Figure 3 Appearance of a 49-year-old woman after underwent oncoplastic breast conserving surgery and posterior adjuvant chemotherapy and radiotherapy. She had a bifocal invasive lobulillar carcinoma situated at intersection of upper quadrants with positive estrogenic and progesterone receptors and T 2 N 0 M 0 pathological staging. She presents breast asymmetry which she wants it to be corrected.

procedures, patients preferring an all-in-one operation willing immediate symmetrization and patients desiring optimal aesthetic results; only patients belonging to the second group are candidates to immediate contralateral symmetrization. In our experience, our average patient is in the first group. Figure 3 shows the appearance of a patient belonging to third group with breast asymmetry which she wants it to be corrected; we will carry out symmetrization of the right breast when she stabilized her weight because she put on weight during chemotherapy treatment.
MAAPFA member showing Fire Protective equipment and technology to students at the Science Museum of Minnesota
____________________
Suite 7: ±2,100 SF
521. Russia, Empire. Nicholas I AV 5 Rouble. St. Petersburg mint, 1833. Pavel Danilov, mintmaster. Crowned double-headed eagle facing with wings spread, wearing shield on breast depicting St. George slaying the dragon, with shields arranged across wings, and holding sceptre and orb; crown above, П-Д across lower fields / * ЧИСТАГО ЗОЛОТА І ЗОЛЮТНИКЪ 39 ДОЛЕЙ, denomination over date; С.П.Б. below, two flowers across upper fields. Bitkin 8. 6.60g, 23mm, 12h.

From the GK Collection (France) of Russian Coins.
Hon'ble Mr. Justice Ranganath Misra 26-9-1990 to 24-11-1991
____________________
**PROBLEM TO WORK ON**
In the data above, which lines lie between the line with "Figure 3 Appearance" and the line with "procedures, patients preferring", inclusive? Print those lines exactly and nothing else.

**TASK RESPONSE**
Figure 3 Appearance of a 49-year-old woman after underwent oncoplastic breast conserving surgery and posterior adjuvant chemotherapy and radiotherapy. She had a bifocal invasive lobulillar carcinoma situated at intersection of upper quadrants with positive estrogenic and progesterone receptors and T 2 N 0 M 0 pathological staging. She presents breast asymmetry which she wants it to be corrected.

procedures, patients preferring an all-in-one operation willing immediate symmetrization and patients desiring optimal aesthetic results; only patients belonging to the second group are candidates to immediate contralateral symmetrization. In our experience, our average patient is in the first group. Figure 3 shows the appearance of a patient belonging to third group with breast asymmetry which she wants it to be corrected; we will carry out symmetrization of the right breast when she stabilized her weight because she put on weight during chemotherapy treatment.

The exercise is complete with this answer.